LONDON Markets were muted Thursday as investors geared up for a round of U.S. economic data that may well be crucial in determining expectations for next week's Federal Reserve policy meeting.
The likelihood that the Fed will start to reduce its huge bond-buying program has shaken markets in recent weeks. Fed officials have strongly hinted that the U.S. central bank plans to wind down its $85 billion in monthly bond purchases as the economy improves.
The asset purchases are widely credited with holding down interest rates and breathing life into stock markets, and the investment terrain will likely endure a shake-up if and when the Fed announces a "tapering" of asset purchases. That could take place as soon as next week's meeting.
The retail sales data for August, which the U.S. Commerce Department will release Friday, will help traders evaluate the likelihood of such an announcement by the Fed.
Before those figures, traders will have weekly jobless claims figures to digest Thursday. Expectations are that the number edged up from around 330,000 from last week's 323,000.
"Given the recent direction of travel with respect to the weekly jobs data, any downside surprise can be expected to be greeted with frenzied speculation with regard to next week's keenly anticipated Fed meeting, despite last week's hugely disappointing payrolls numbers," said Michael Hewson, senior market analyst at CMC Markets.
Ahead of the figures, trading was lackluster.
In Europe, the FTSE 100 index of leading British shares was steady at 6,586 while Germany's DAX fell 0.1 percent to 8,487. The CAC-40 in France was 0.3 percent lower at 4,108.
Wall Street was poised for a subdued opening though that may change with the claims figures, which are due an hour before the bell -- Dow futures and the broader S&P 500 futures were down 0.1 percent.
How the Fed acts next week will also likely determine how the dollar fares over the rest of the year.
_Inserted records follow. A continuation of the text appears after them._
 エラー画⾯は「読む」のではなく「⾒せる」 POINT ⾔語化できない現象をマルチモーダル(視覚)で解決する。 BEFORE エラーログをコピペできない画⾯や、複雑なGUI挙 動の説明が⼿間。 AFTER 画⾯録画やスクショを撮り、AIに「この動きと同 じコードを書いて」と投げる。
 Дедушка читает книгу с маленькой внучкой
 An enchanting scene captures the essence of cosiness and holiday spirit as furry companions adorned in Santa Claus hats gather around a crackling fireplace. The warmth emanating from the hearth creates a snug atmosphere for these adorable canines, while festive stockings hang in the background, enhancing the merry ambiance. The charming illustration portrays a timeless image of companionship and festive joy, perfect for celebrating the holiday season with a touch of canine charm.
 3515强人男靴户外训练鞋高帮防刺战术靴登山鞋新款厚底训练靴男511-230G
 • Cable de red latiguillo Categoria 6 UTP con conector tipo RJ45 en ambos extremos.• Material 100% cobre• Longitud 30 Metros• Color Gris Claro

In recent weeks, it's largely traded in fairly narrow ranges against its main competitors. On Thursday, the euro was down 0.1 percent at $1.3295 while the dollar fell 0.5 percent to 99.39 yen.
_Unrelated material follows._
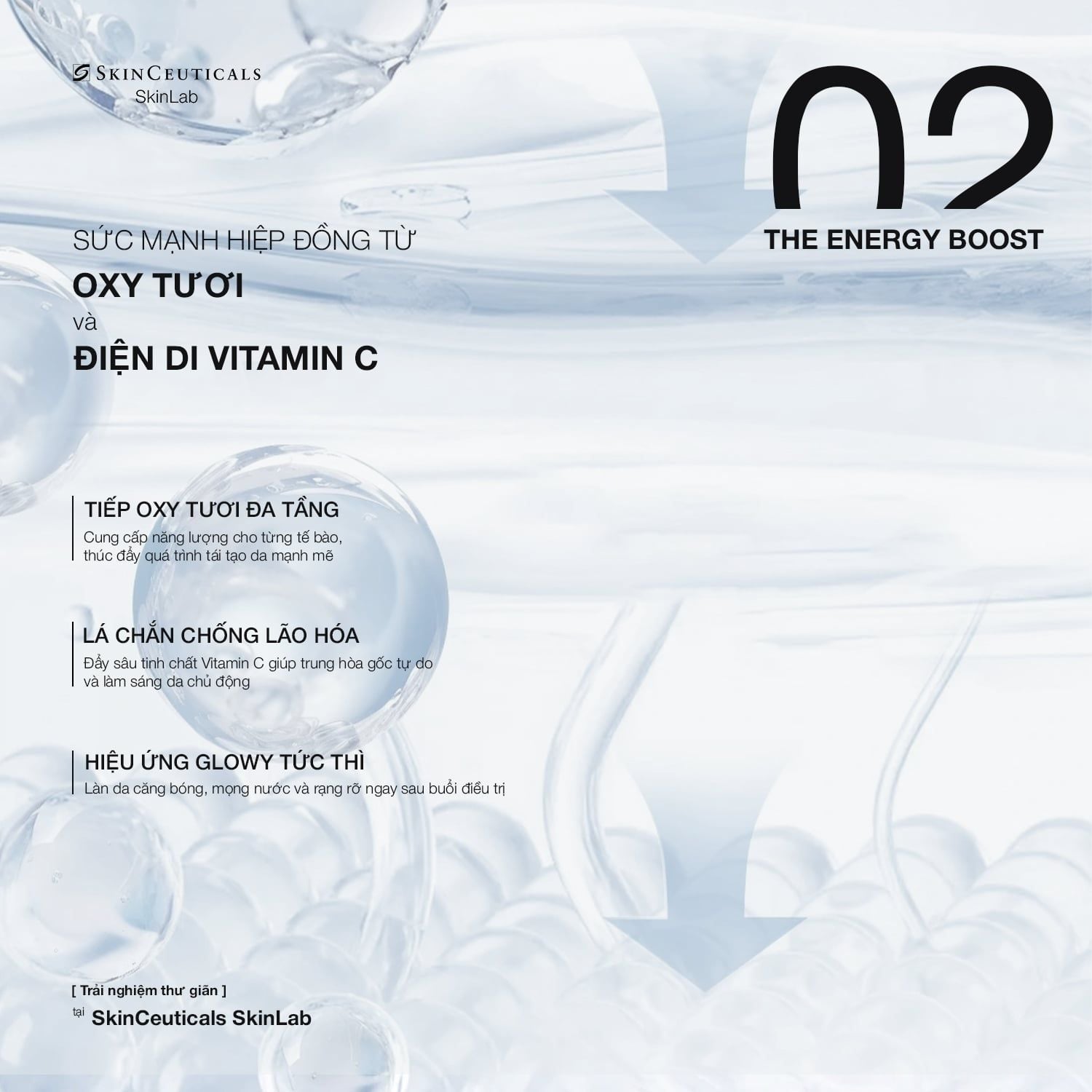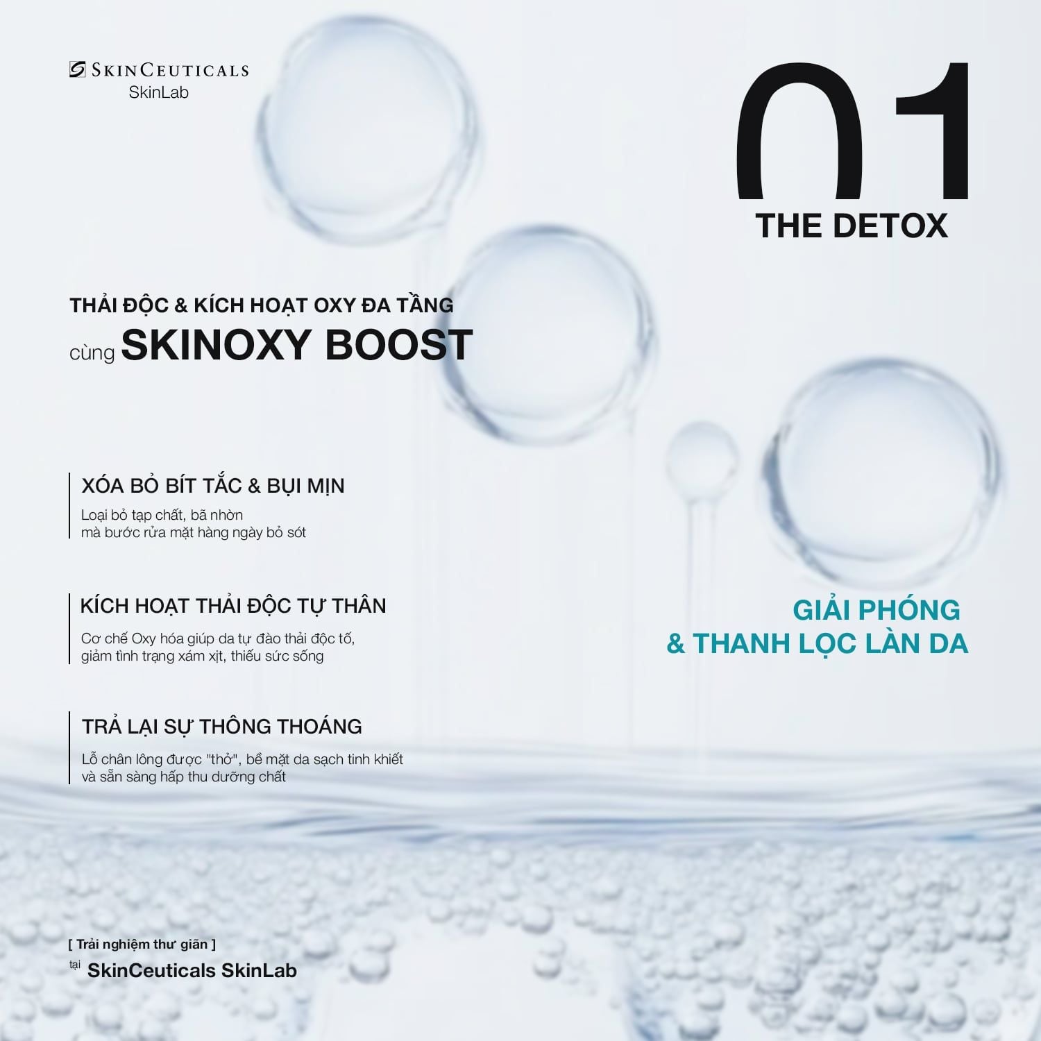 SkinOxy Boost là giải pháp thải độc và đánh thức sức sống làn da, kết hợp quy trình làm sạch sâu đa bước cùng công nghệ quang trị liệu LED. Liệu trình tác động mạnh mẽ giúp thanh lọc triệt để tạp chất tầng sâu, đồng thời tiếp nạp nguồn Oxy tươi và dưỡng chất thiết yếu vào lớp biểu bì, kích hoạt quá trình tái tạo tế bào để khôi phục vẻ rạng rỡ, căng mướt ngay tức thì.

Earlier in Asia, Hong Kong's Hang Seng rose 0.1 percent to 22,953.72 while South Korea's Kospi was nearly flat at 2,004.06. Japan's Nikkei 225 index, the regional heavyweight, fell 0.3 percent to 14,387.27, dragged down by the modestly firmer yen, which makes the country's exports relatively more expensive.
But mainland China's Shanghai Composite Index rose 0.6 percent to 2,255.60, as investors cheered Chinese industrial numbers released Tuesday, plus a speech by Premier Li Keqiang promising to open markets to private competition, analysts said.
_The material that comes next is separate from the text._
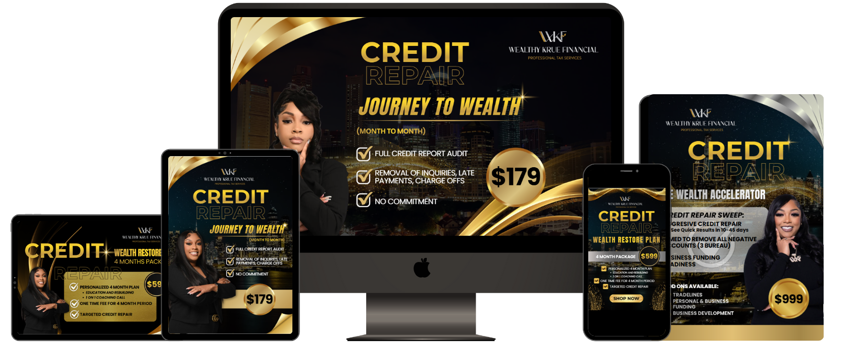 Personalized, aggressive, and results-driven credit repair backed by Wealthy Krue Financial. Whether you need steady rebuilding or rapid results, we have a plan designed for YOU.

"Any sort of doomsday scenario that China is going to see falling GDP growth has been squashed for the time being," said Samuel Le Cornu, portfolio manager at Macquarie Funds Group in Hong Kong.
India's Sensex also dropped by 1.5 percent to 19,709.87 in a sell-off after strong rallies over past days in response to new central bank proposals to strengthen the rupee. Benchmarks in Indonesia, Taiwan and Singapore slightly rose.
Worldwide, markets had been boosted in recent days by diplomatic efforts to get Syria to turn over its stockpile of chemical weapons, easing fears that the U.S. would launch an attack.
Oil prices have fallen back as the Russian proposal to get Syria to give up its chemical weapons emerged. On Thursday, they rose modestly with the benchmark New York rate up 81 cents to $108.37 a barrel.